Task prompt:
Which lines belong in your copy? Those from the start of the data through the line with "El presidente municipal", exactly as written, without any pictures.

Collected data:

- Opening Delimiter -

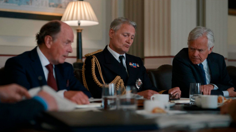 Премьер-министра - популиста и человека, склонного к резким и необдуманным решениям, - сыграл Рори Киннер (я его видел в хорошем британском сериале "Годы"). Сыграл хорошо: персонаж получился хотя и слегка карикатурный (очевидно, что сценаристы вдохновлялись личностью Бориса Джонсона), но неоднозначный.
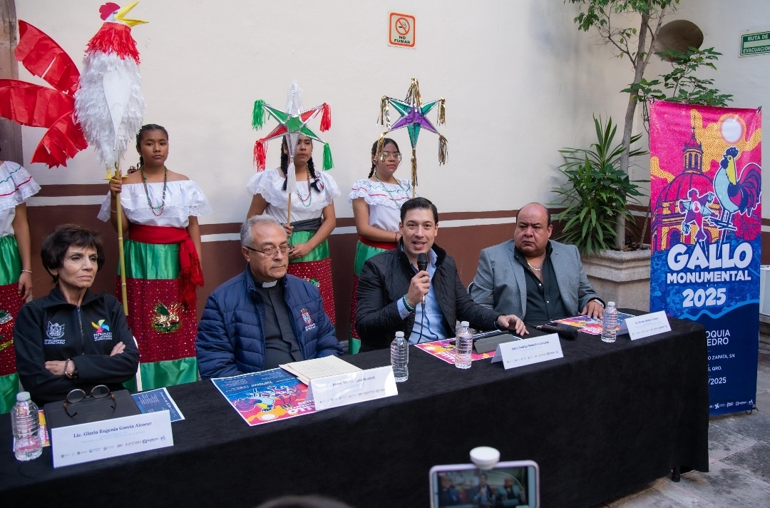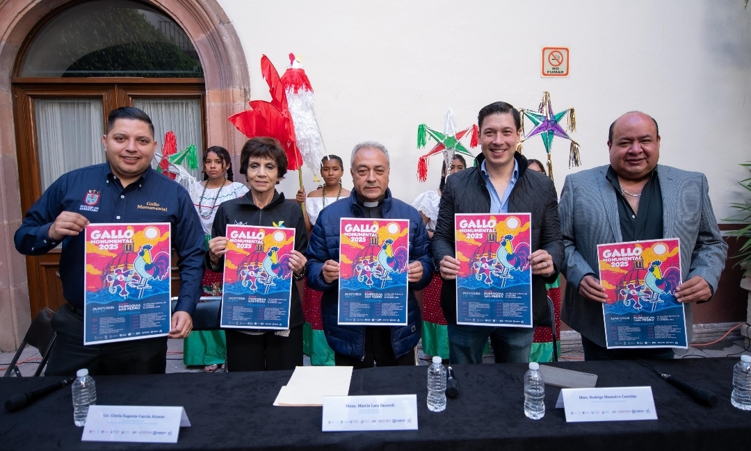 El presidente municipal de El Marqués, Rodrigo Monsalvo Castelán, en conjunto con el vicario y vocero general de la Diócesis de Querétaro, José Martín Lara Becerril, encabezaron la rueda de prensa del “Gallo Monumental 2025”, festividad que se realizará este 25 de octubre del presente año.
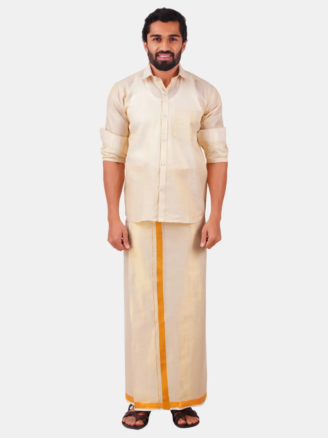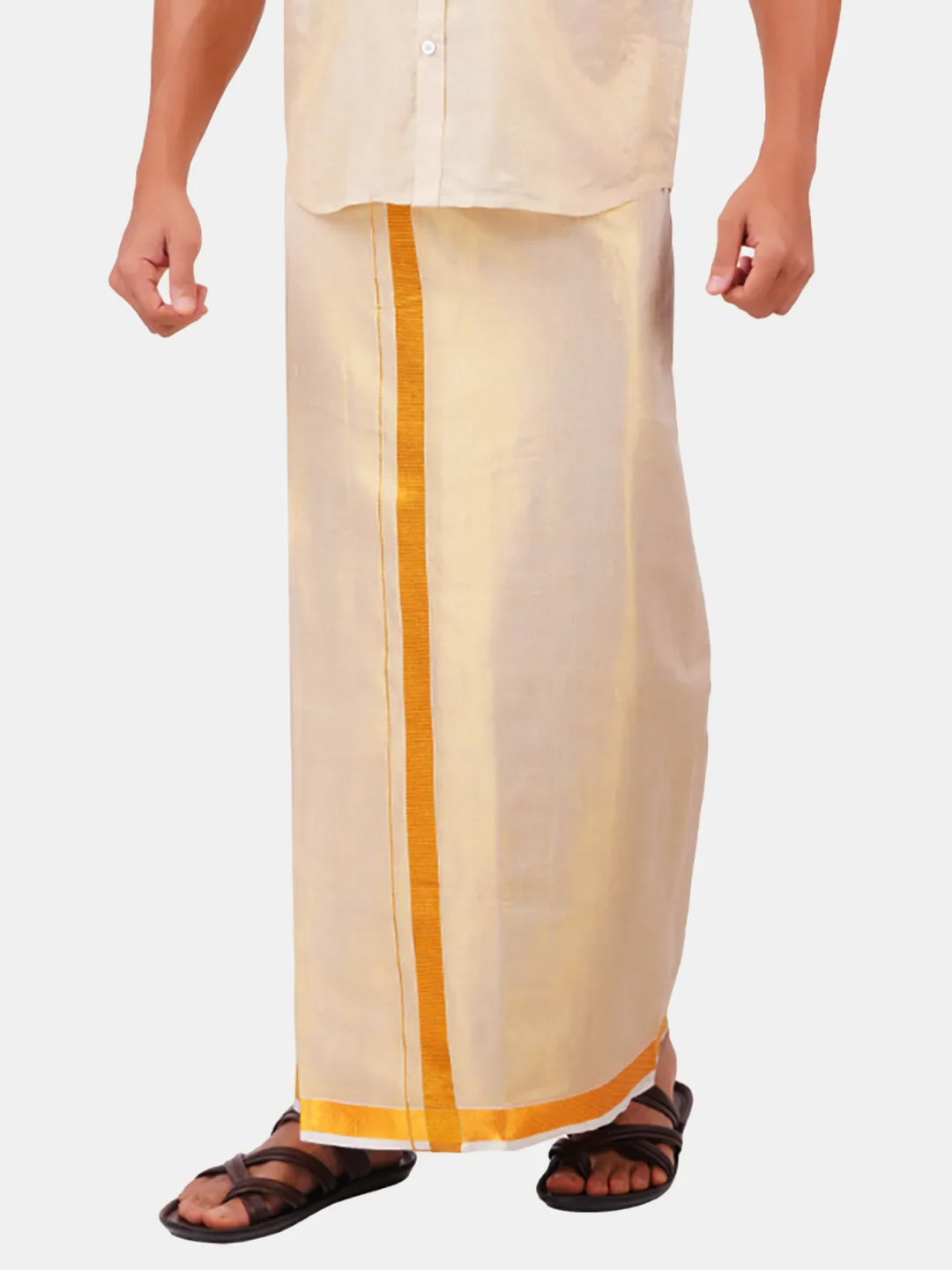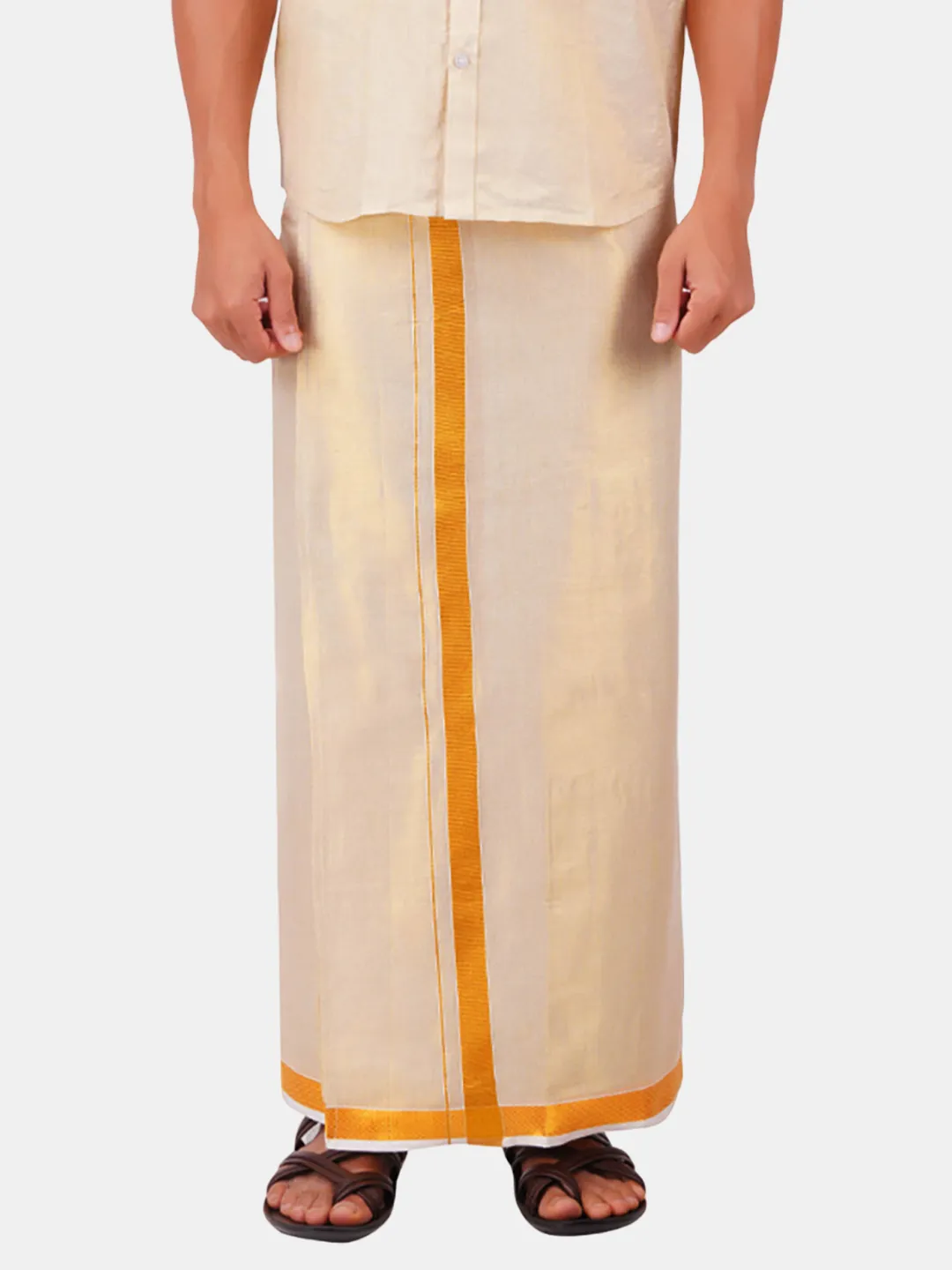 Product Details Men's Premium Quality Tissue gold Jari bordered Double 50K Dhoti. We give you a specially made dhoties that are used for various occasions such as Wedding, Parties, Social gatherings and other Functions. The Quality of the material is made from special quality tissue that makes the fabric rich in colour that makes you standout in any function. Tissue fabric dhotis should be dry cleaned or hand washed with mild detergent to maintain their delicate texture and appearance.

- Closing Delimiter -

Solution for this task:
 Премьер-министра - популиста и человека, склонного к резким и необдуманным решениям, - сыграл Рори Киннер (я его видел в хорошем британском сериале "Годы"). Сыграл хорошо: персонаж получился хотя и слегка карикатурный (очевидно, что сценаристы вдохновлялись личностью Бориса Джонсона), но неоднозначный.
 El presidente municipal de El Marqués, Rodrigo Monsalvo Castelán, en conjunto con el vicario y vocero general de la Diócesis de Querétaro, José Martín Lara Becerril, encabezaron la rueda de prensa del “Gallo Monumental 2025”, festividad que se realizará este 25 de octubre del presente año.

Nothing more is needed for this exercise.